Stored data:
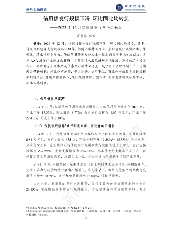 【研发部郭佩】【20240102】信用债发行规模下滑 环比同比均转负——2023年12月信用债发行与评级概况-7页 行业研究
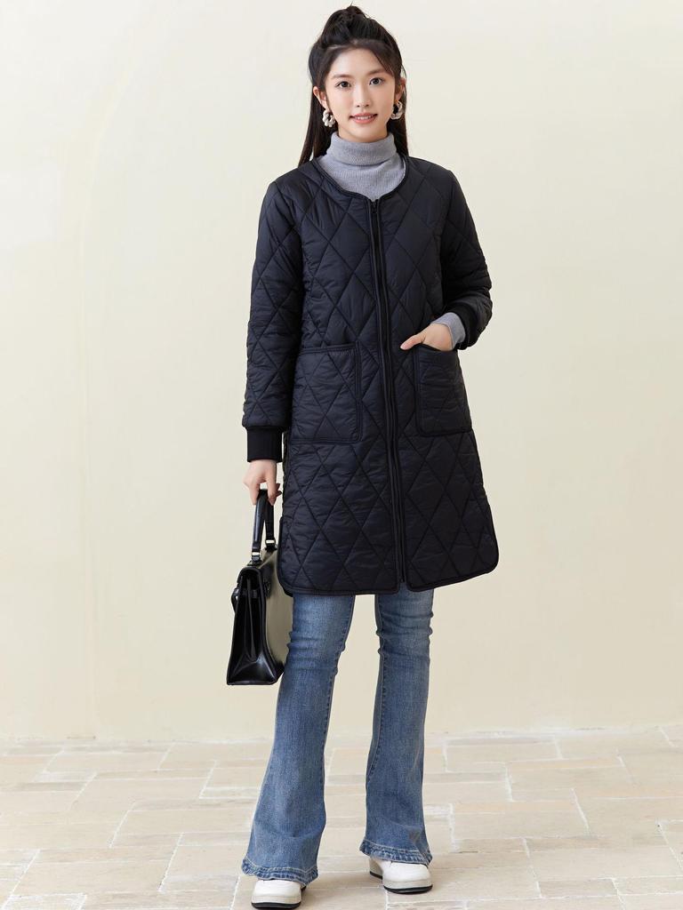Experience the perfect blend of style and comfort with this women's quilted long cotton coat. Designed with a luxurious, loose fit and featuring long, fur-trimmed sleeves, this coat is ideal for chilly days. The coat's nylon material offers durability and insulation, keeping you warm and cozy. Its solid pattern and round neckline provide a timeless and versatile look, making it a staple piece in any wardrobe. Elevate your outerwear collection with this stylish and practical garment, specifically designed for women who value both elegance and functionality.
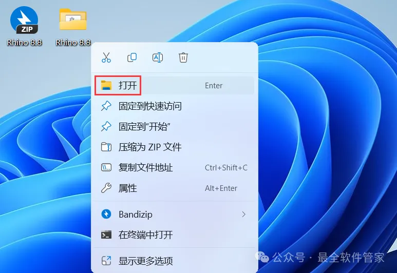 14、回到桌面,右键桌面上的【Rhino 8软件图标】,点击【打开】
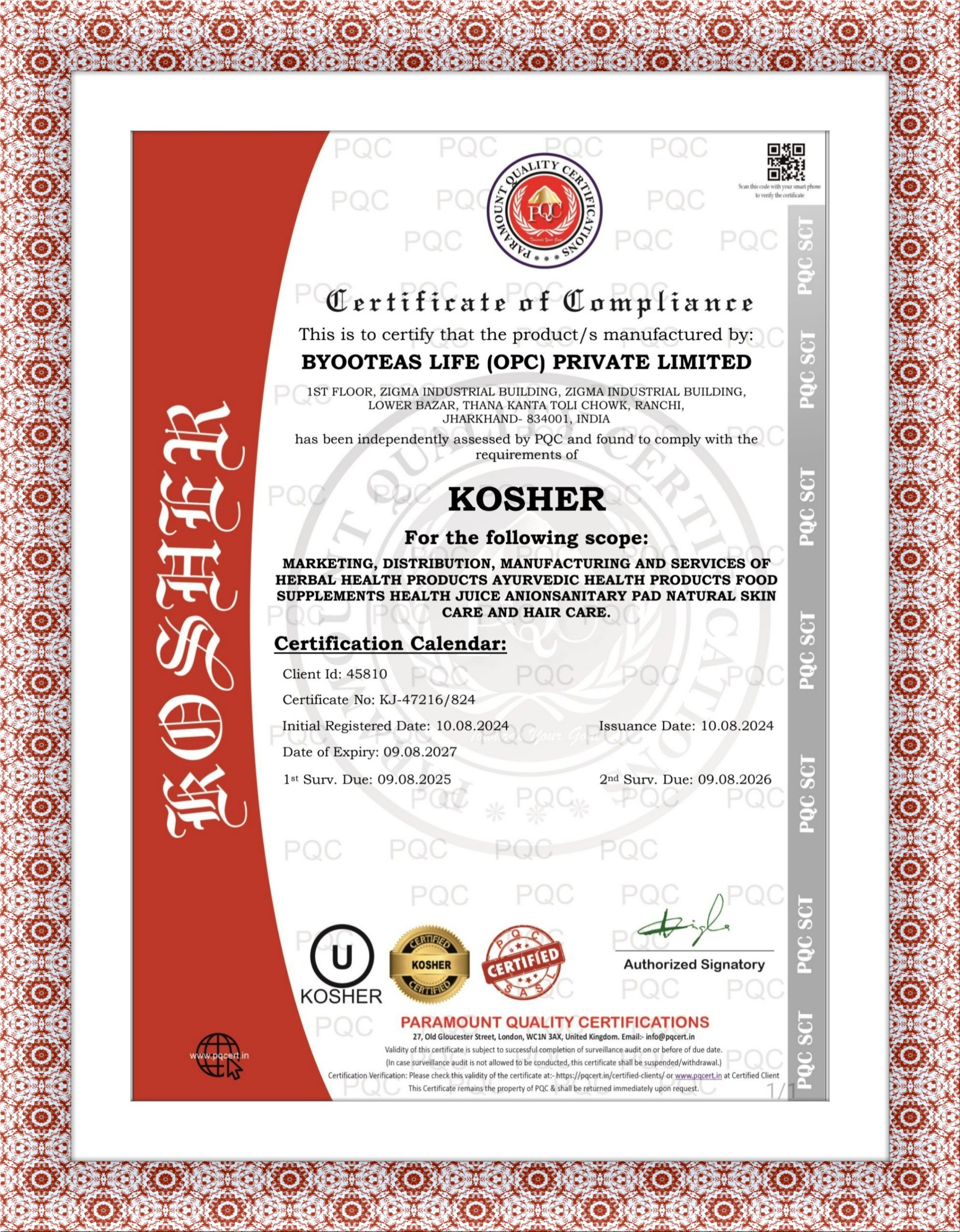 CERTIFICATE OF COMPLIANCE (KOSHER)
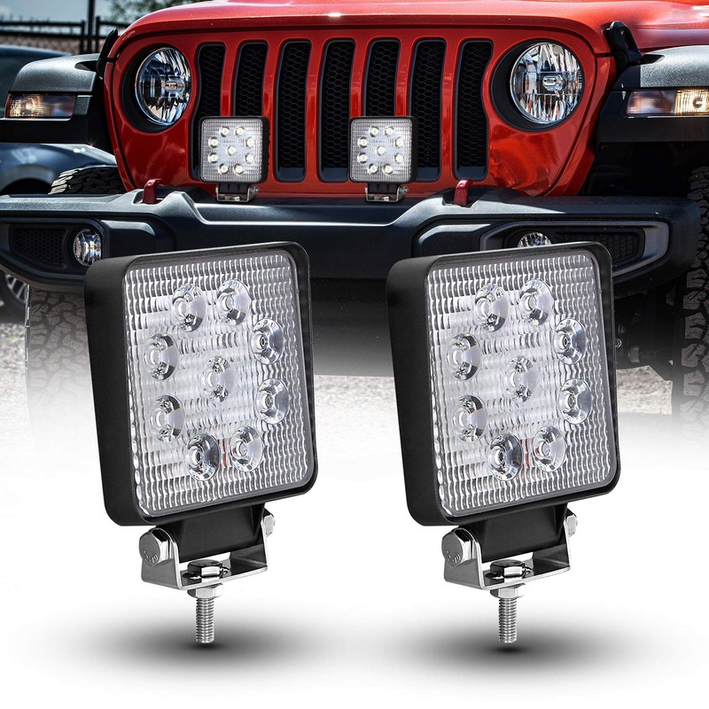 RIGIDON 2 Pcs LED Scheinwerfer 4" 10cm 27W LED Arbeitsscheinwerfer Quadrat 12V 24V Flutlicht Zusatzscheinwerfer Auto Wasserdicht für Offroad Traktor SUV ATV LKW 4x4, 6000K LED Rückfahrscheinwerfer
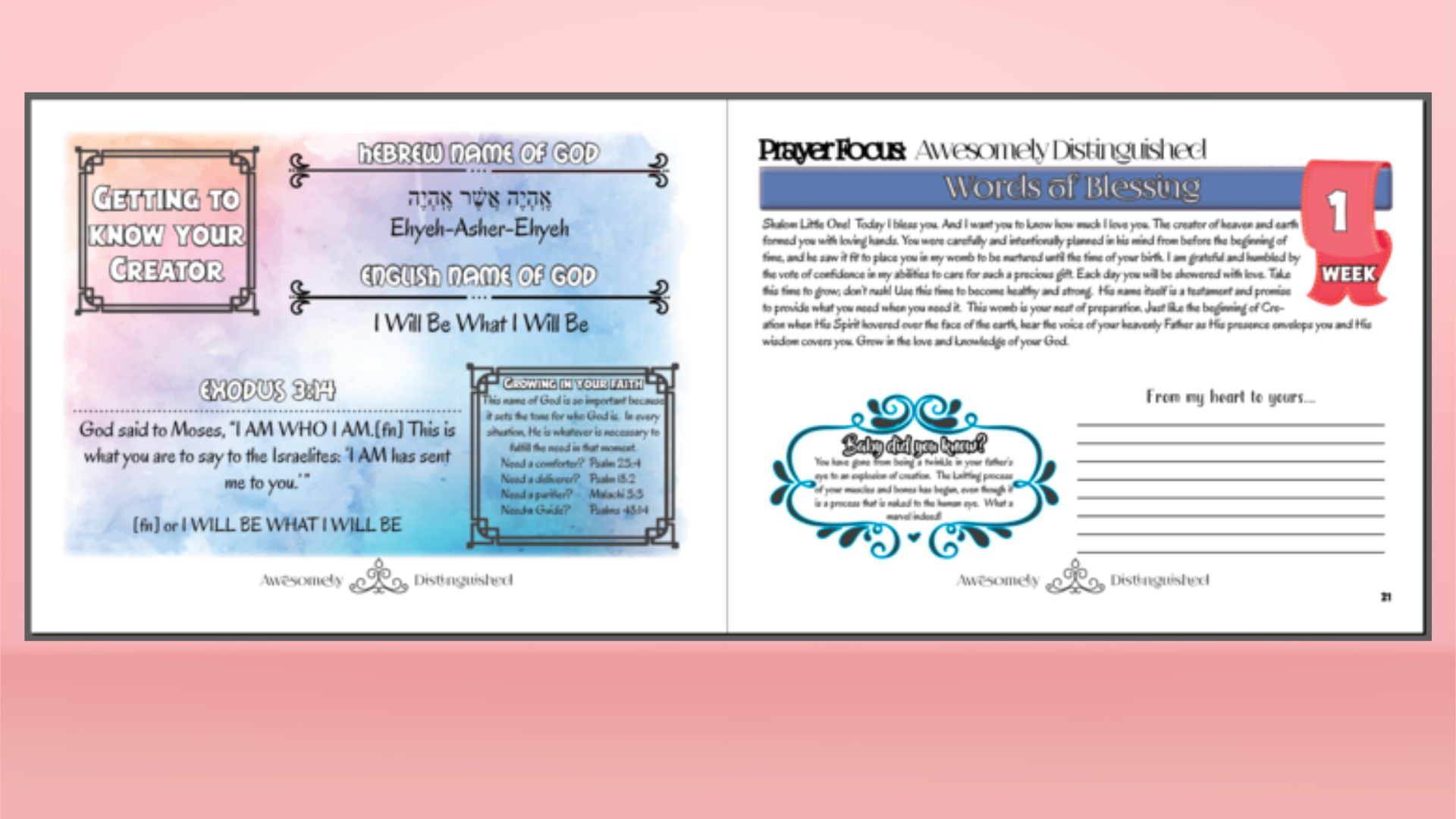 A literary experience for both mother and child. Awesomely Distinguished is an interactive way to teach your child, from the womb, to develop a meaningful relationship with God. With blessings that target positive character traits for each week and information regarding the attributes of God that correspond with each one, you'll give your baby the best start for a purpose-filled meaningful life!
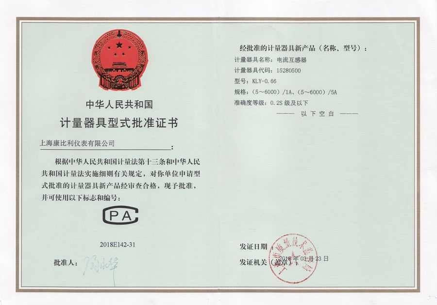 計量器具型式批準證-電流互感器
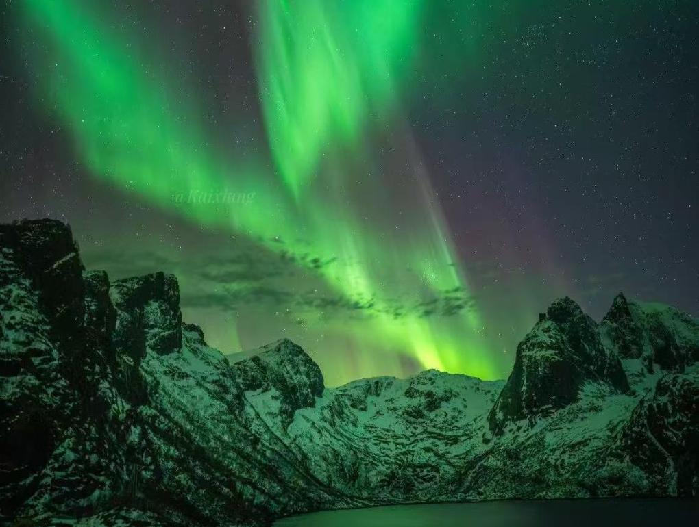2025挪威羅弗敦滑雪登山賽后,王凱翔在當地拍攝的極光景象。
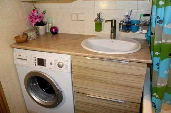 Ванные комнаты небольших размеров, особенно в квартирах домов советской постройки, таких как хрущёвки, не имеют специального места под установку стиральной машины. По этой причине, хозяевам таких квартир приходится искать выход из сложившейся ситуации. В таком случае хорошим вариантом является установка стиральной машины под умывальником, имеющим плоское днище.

### About this task
Respond with the exact lines above running from the one containing "A literary experience" to the one containing "2025挪威羅弗敦滑雪登山賽后,王凱翔在當地拍攝的極光景象。", both ends kept and no pictures included.

### Answer to this exercise
 A literary experience for both mother and child. Awesomely Distinguished is an interactive way to teach your child, from the womb, to develop a meaningful relationship with God. With blessings that target positive character traits for each week and information regarding the attributes of God that correspond with each one, you'll give your baby the best start for a purpose-filled meaningful life!
 計量器具型式批準證-電流互感器
2025挪威羅弗敦滑雪登山賽后,王凱翔在當地拍攝的極光景象。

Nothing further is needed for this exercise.